** Activity **
Report each line of the material below where the word "International" can be found.
*** Block opens ***
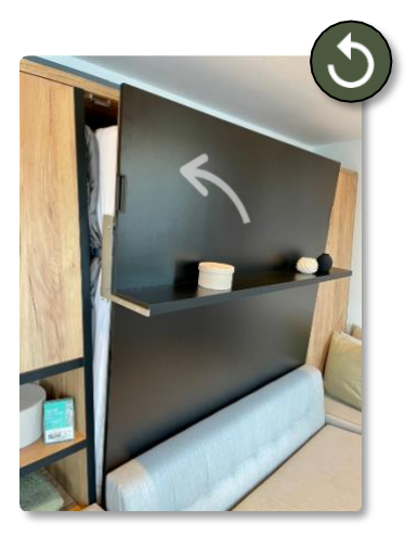
To close, go through operations 3 to 5 backwards. Then press the bed into the wall unit.
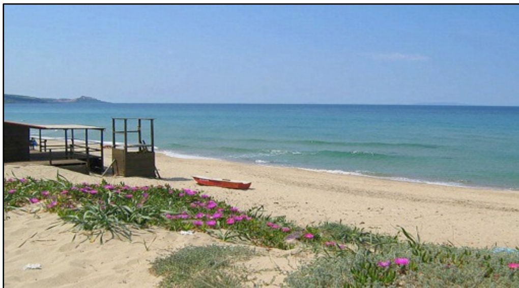
San Pietro a Mare beach

The Castello Doria dating back to the 12th century in the beautiful traditional village of Chiaramonti is also worth visiting. It rises at the beginning of the road that leads to Perfugas and offers a sweeping view over an impressive panorama.
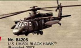
Bell Helicopter No. 84206 U.S. UH-60 BLACK HAWK™ (Baghdad, 2003) BLACK HAWK and SIKORSKY are registered trademarks of Sikorsky Aircraft Corporation. They are licensed throughout the world to Unimax Toys Limited. The Black Hawk helicopter design is the sole property of Sikorsky Aircraft Corporation. The design is licensed to Unimax Toys Limited.
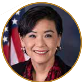
HON. JUDY CHU

United States Representative; Chair, Congressional Asian Pacific American Caucus
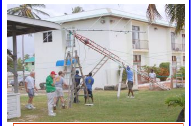
Antenna on Tower, propped up by a ladder
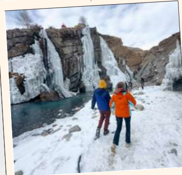
Lingti Frozen Waterfall

Upon reaching Kaza's hotel have your Lunch and rest. Later in the evening we visit Key monastery where we enjoy the Herbal tea made by monks and then visit the famous Chicham bridge , the highest bridge in the Asia , situated at 13,596 ft above sea level. Dinner and night halt at the Kaza hotel.
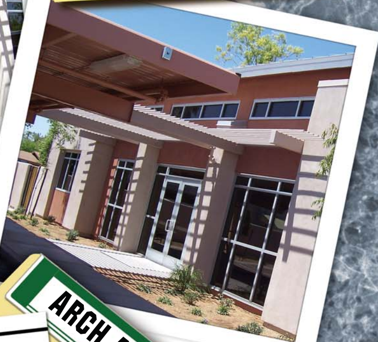
Carriage Lane Office Buildings
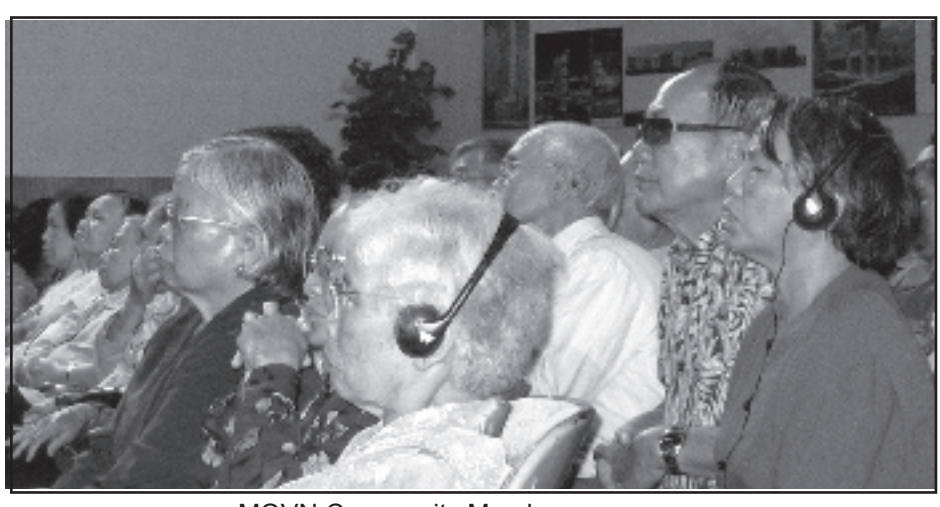
MQVN Community Members

levels of hydrogen sulfide and arsenic into the soil and as well as surface and ground waters.
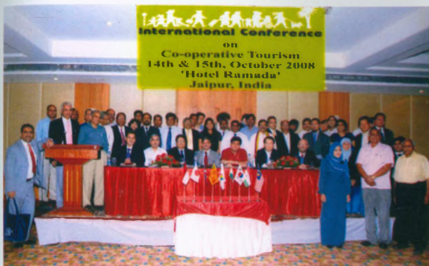
A view of delegates at the International Tourism Conference at Jaipur, India

An International Conference on Co-operative Tourism was jointly organized by ICA Asia Pacific & RICEM, Jaipur on the 14th & 15th of October 2008 at Hotel Ramada, Jaipur. The event was mainly sponsored by IFFCO. The theme of the Conference was "Friendly Tourism through Co-operatives".
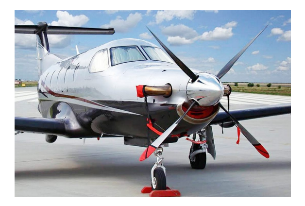
Pilatus PC-12 LARGE ENGINE INLET PLUG, SMALL PLUGS SET, Prop Tie/Exhaust Covers
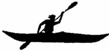
KAYAK 9" - $30.00 11" - $35.00
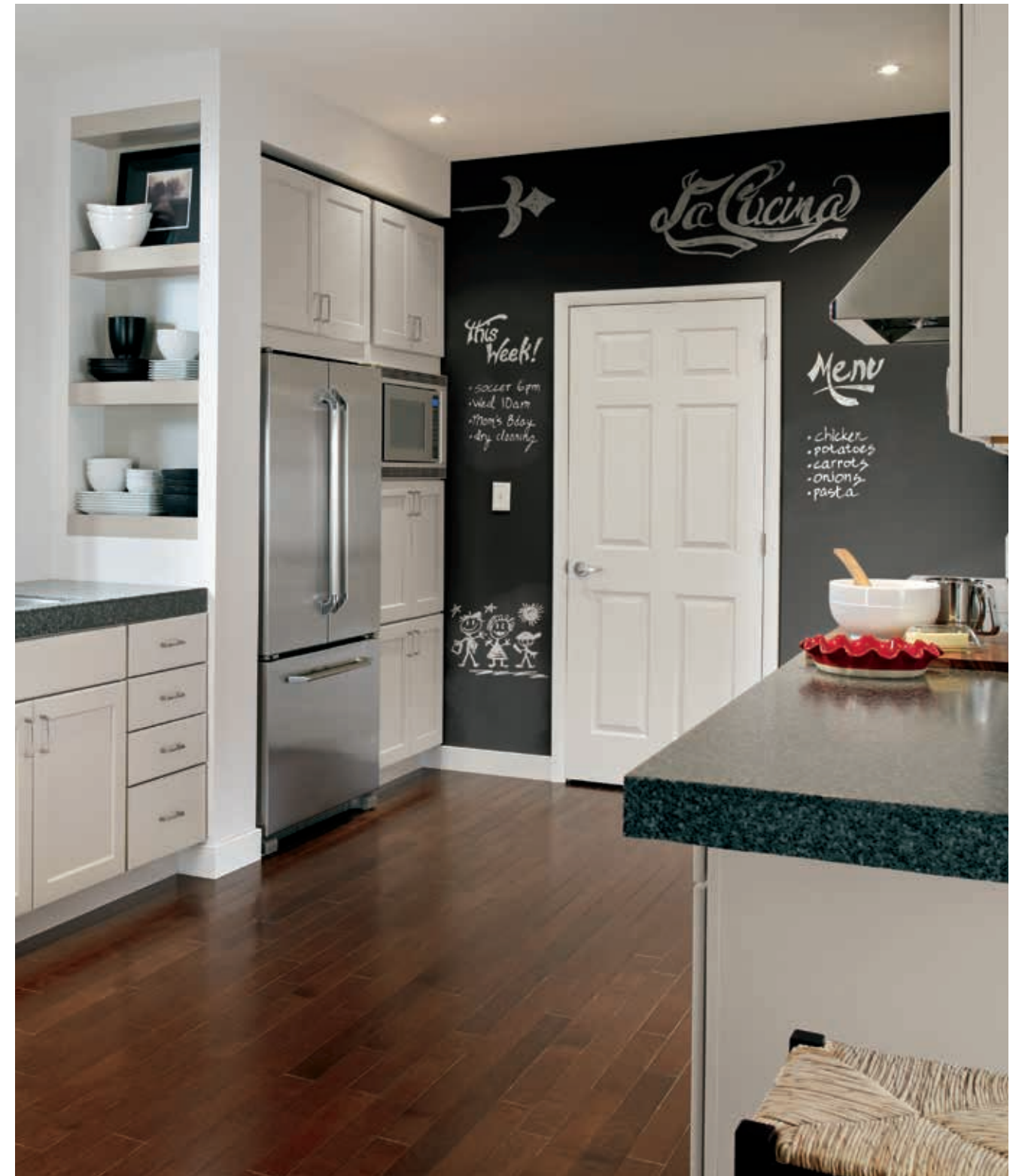
style WILLOWBY finish PAINTED LIMESTONE
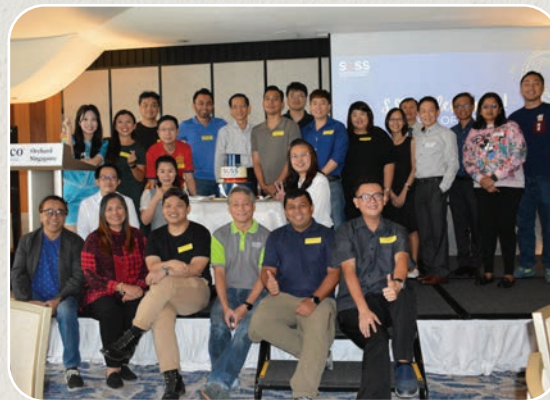
CONVOCAION LUNCH 2023
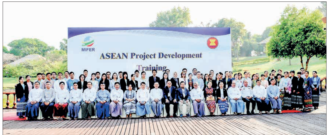
MIFER Union Minister Dr Kan Zaw poses for group photo after ASEAN Project Development Training in Nay Pyi Taw yesterday.

The training will last from 20 to 22 February 2024. The technical experts from the ASEAN Secretariat will give lectures on overview of the ASEAN cooperation projects, the ASEAN project proposal template, formulating Project results in the proposal materials and the work plan for the implementation. During the training, the participants will get hand-on experience for de-
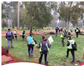
Cannock Chase Orienteering Trip 24/19/23
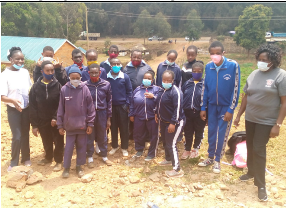
Our students and teachers
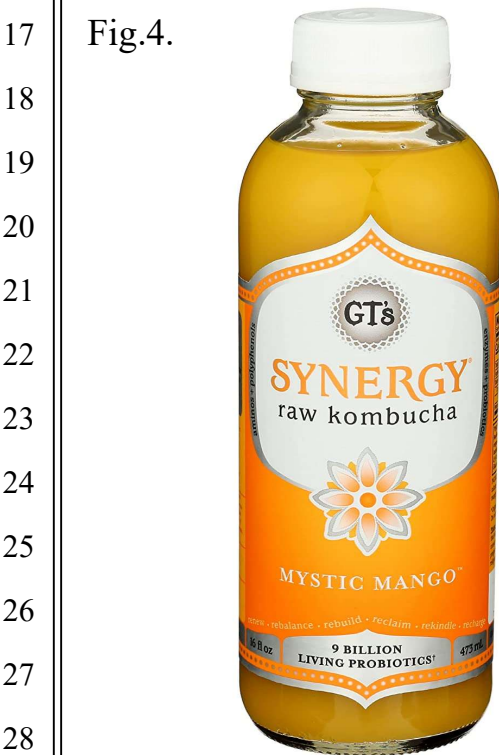
16 17 Fig.4.

INGREDIENTS: GT's Kombucha* (kombucha culture*, black tea*, green tea*, kiwi juice*), mango puree*, and 100% pure love!!!
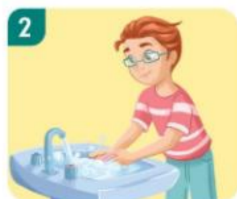
2 wash your hands
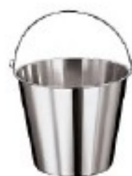
Secchiello graduato, inox Graduated bucket, stainless steel Eimer mit Skala, Edelstahl Rostfrei Seau gradué, inox Cubo con medidas, inox
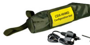
HHMD CONFIGURATION TOOL [# 63537]
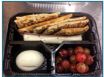
#21903 - Black Snack Tray
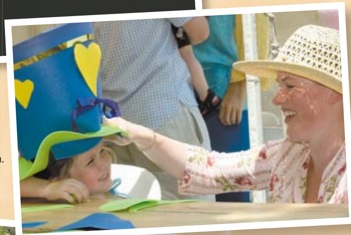
Happy hatmakers at the Mad Hatter's Tea Party.
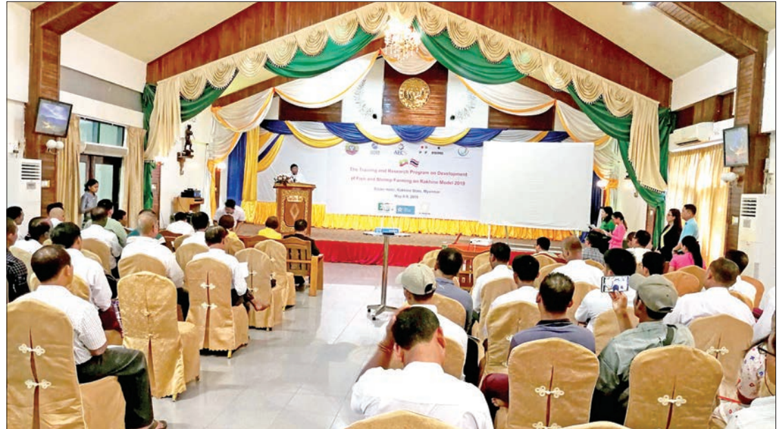
The opening ceremony of training and research program on development of fish and shrimp farming on Rakhine Model 2019 held in Sittway, Rakhine yesterday.

At present, farmers need to shift from the traditional saltwa-
*** Block closes ***
** Solution for this exercise **
A view of delegates at the International Tourism Conference at Jaipur, India
An International Conference on Co-operative Tourism was jointly organized by ICA Asia Pacific & RICEM, Jaipur on the 14th & 15th of October 2008 at Hotel Ramada, Jaipur. The event was mainly sponsored by IFFCO. The theme of the Conference was "Friendly Tourism through Co-operatives".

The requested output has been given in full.